"You are ugly now, on the inside, where it matters most...you are beastly."Beastly is my second read from Alex Flinn, which I picked up after enjoying Cloaked but not quite finding the magic in it that Flinn has become known for. Since Beastly is her most famous book, and also due to the upcoming release of the film version, I decided to give it a try.
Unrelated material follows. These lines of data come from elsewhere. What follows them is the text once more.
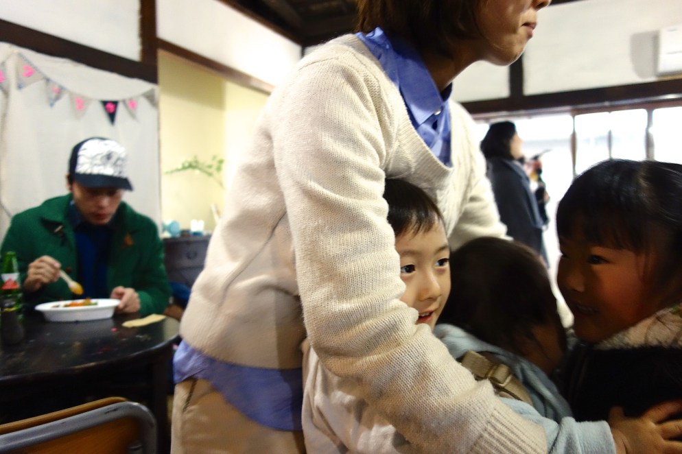 The house has been semi-renovated by another loose-knit group of about a half-dozen students from Denki Daigaku, Musashino Arts University and others, including Maui in the green sweater, who’s in architecture and tells you of plans to make the outside space good for performances. At the moment the house doubles as a workspace and children’s drop-in center, a sort of daycare between home and school, given that around here, with the lack of parks and the high-density living, there’s almost nowhere to play.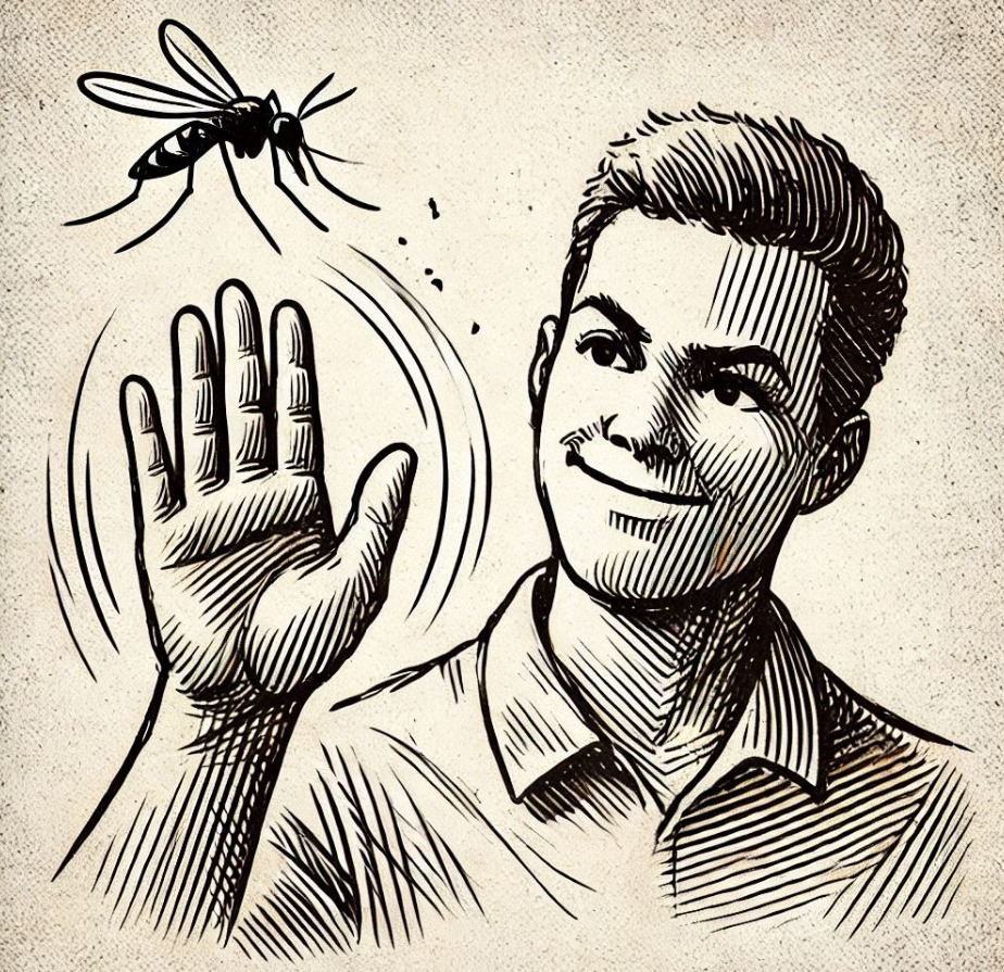 Một tiếng chát vang lên và con muỗi nằm bẹp trên tay người đàn ông.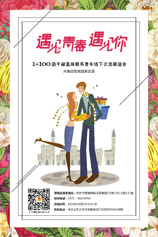为增强团组织的凝聚力,丰富活跃广大青年的精神生活,共青团管城回族区委员会决定举行2016年“遇见青春遇见你”青年联谊活动,具体活动通知如下: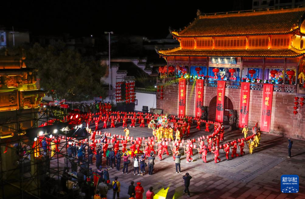 2月28日,在安徽省黄山市休宁县状元广场,非遗民俗徽州板凳龙在夜色中巡游。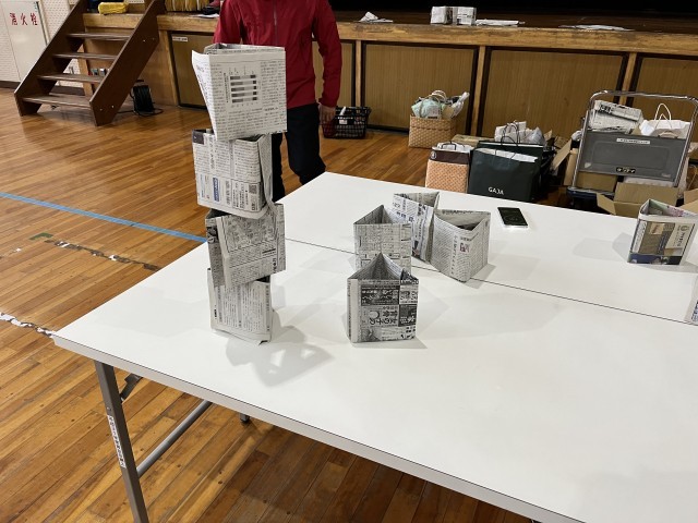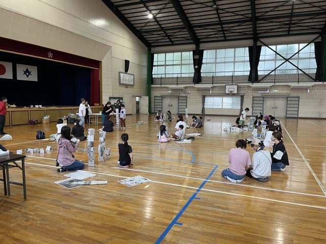 10月4日に今年度2回目となる環境美化活動を行いました。生憎の雨模様でしたが、来月の運動会に向けグラウンドの草取りを行いました。美化活動後は地域コーディネーターの方にご協力いただき、子供と楽しめる「新聞紙で作って遊ぼう」と題して、新聞紙を使ってブロックを作り、高く積み上げるレクレーションを行い、参加してくれた親子の楽しむ姿がみられました。また、コーディネーターの方からは災害時にも役立つ新聞紙を使ったスリッパや、箱、さらには避難所で子供が少しでも気を紛らわせられるように、準備しておくと良いものなどの豆知識が聞けて有意義な時間となりました。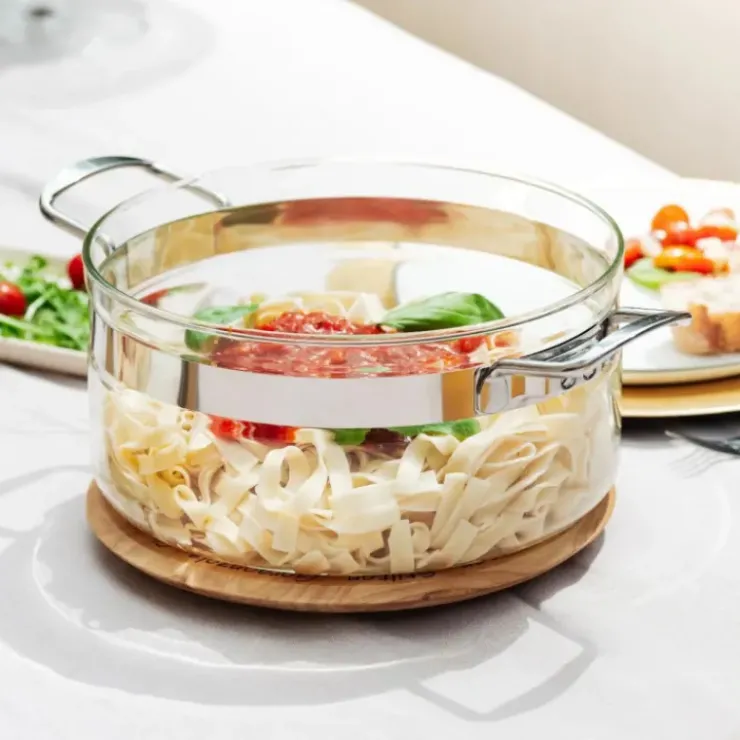 Le verre borosilicate transparent vous permet de suivre la préparation de vos plats en temps réel directement dans votre faitout, tout en conservant la chaleur et l’humidité pour une cuisson optimale. Avec une capacité de 2,5 L, ce faitout en verre est parfait pour cuisiner pour la famille ou recevoir des invités. Ses anses en inox robustes et son bec verseur facilitent le service, tandis que le couvercle en verre inclus permet de conserver les saveurs et la chaleur.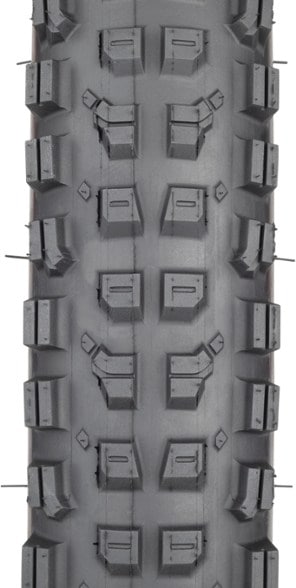 - Dual-row center tread is composed of aggressive beveled knobs; well-spaced siped knobs dig into loose corners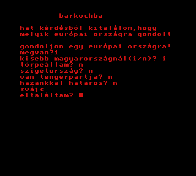 | Barkochba Készítette: nincs megjelölve szerző(????) Típus: Játék - Logikai - Szókitaláló Fájlok száma: 1 Letöltés: barkochba.zip Leírás: A klaszikus szókitalálós játék számítógépes verziója. |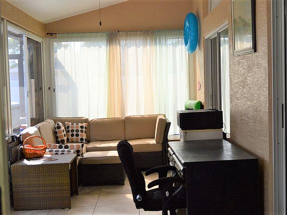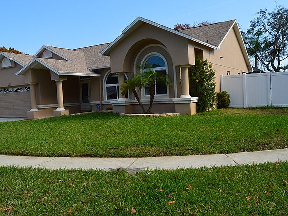 This updated Solar heated Pool home has 3 bedrooms, 2 baths, an over sized garage and more. The fully enclosed Florida room over looks the screen enclosed pool with built in sprinklers and paver two level deck. The Master bedroom opens onto the Florida room, as does the breakfast area. Features separate living room and dining room and a large family room. NEW roof, NEW sink, NEW sprinkler well, New A/C, NEW windows, NEW on demand water heater, NEWLY painted exterior, Newly resurfaced garage floor and more. The master bedroom features 2 walk-in closets and the master bath room features double sinks, a garden tub and separate shower stall. Full outdoor security system, privacy fence and storage shed. All information should be verified by buyer.

As the title would indicate, this is a retold contemporary version of the fairy tale Beauty and the Beast, told from the perspective of the Beast. In this case the Beast is Kyle Kingsbury, a attractive and overly confident ninth grade boy transformed by a witch attending his highschool when he plays a cruel joke on her. When Kyle's father, a news anchor, is unable to find a cure for his son's new ugliness he sends him away to a Brooklyn mansion with blinds on all the windows and cameras at the doors. Exiled, Kyle's only companions are a housekeeper, Madga, and a blind tutor, Will. The only chance Kyle has of breaking the curse is kissing a girl who he loves, and who loves him, before two years have passed- but it's hard to find true love when you look like a beast.
Flinn's writing is straightforward but enjoyable to read, and I felt she did a realistic job of letting the reader into the teenage world, particularly when it comes to the unfortunate meanness with which popular kids can sometimes treat outsiders. I particularly enjoyed Kyle's internal dialogue, especially at the beginning of the book when he is still attractive and Flinn lets you in on his cruel thoughts. Unfortunately there were a few aspects of the story that didn't work that well for me. The idea of a girl imprisoned by a beast might work in traditional fairytales but when you put a contemporary spin on it, oftentimes it just came across a little creepy for my taste. It also got pretty strange when Kyle begins to speak like he's in an Austen novel, although even he recognizes it,
"Who dares disturb my roses?"And although I realize Kyle, who renames himself Adrian because it means darkness, is pretty isolated from the world for most of the book, he still speaks to Madga, Lindy and Will and I would have thought that would be enough to keep him speaking normally especially since it doesn't seem to happen to any of the other characters.
Why did I say that"
While Cloaked weaves together many different fairy tales, Beastly focuses on one, which allows Flinn to tell that story well. Kyle isn't totally alone in his transformation though, as at several points throughout the book Flinn includes excerpts from a chat group for individuals who have been transformed, including such familiar beings as the Frog Prince and Little Mermaid. These chats were a great way to add to the contemporary spin on the story, and I enjoyed reading them. However, the novel as a whole doesn't really add a whole lot that new to the fairytale and it really is just an updated version of it. Even the one aspect that Flinn does change is really predictable from the beginning of the book so that I wasn't at all surprised when it was revealed.
Overall, Beastly provides a cute, easy-to-read story, and although like Cloaked, I would tend to recommend Flinn's simplistic writing style for younger readers, there is some innuendo involved in the book as well as darker themes that make me wonder who exactly the intended audience of the book is, but personally I'd mostly recommend the novel to young teens. Ultimately, though, Beastly is an enjoyable light read with an important message and although it doesn't provide the original take on the story I was hoping for, it is a fun contemporary telling of a classic love story.